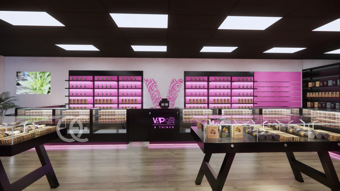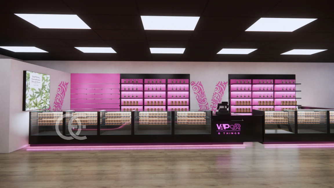E-Cigarette Display Case | Glass Showcases by Ouyee pairs long black counters with magenta under-glow and backlit wall bays for a vivid, high-contrast retail line. Clear, lockable glass keeps pods, disposables, and kits secure and easy to browse.
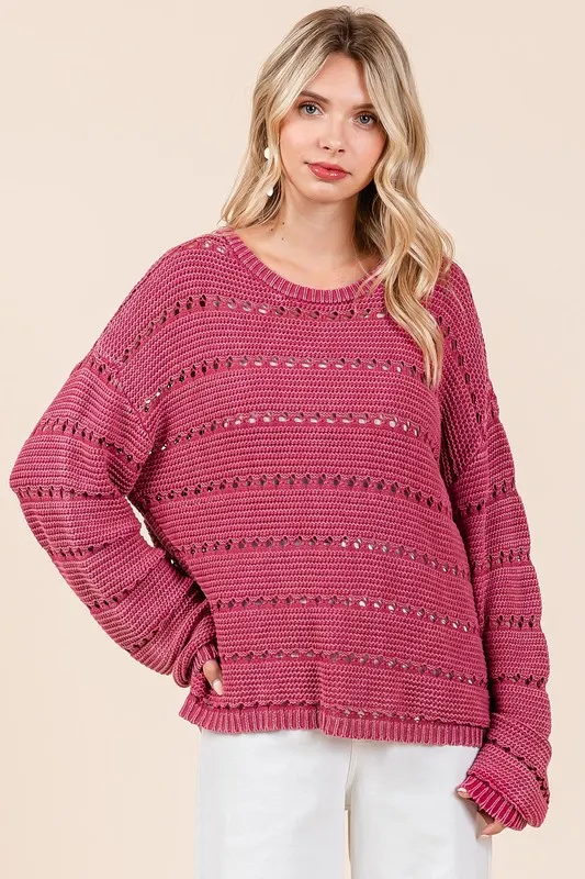 Mittoshop Openwork Round Neck Drop Shoulder Sweater
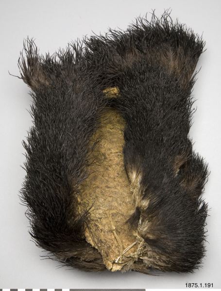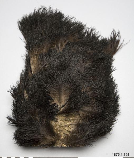 • Huvudbonad av strutsskinn, med kvarsittande svarta fjädrar. Avlång form.
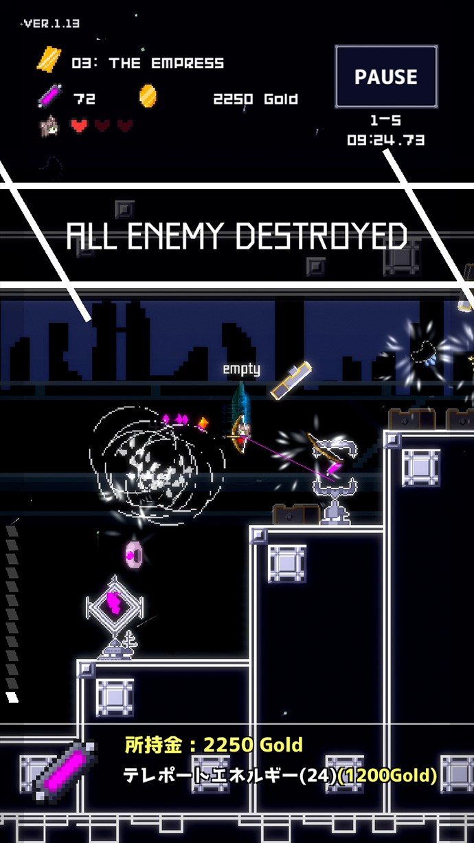 ランダム生成されるフィールド内の敵を全て倒すと、次のフィールド(ステージ)にワープできるよ〜
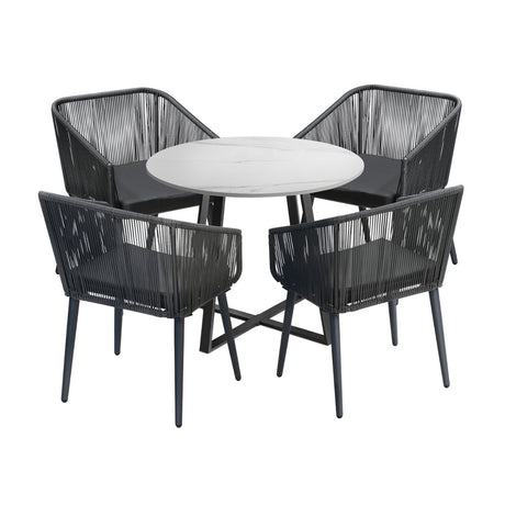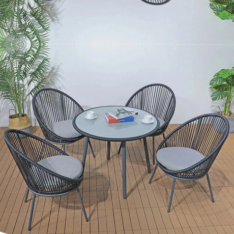 5-Piece Outdoor Patio Dining Set with Rope Chairs

* * * *

§ **Task goal**
Can the entries above be repeated exactly, without their pictures?

§ **Solved exercise**
E-Cigarette Display Case | Glass Showcases by Ouyee pairs long black counters with magenta under-glow and backlit wall bays for a vivid, high-contrast retail line. Clear, lockable glass keeps pods, disposables, and kits secure and easy to browse.
 Mittoshop Openwork Round Neck Drop Shoulder Sweater
 • Huvudbonad av strutsskinn, med kvarsittande svarta fjädrar. Avlång form.
 ランダム生成されるフィールド内の敵を全て倒すと、次のフィールド(ステージ)にワープできるよ〜
 5-Piece Outdoor Patio Dining Set with Rope Chairs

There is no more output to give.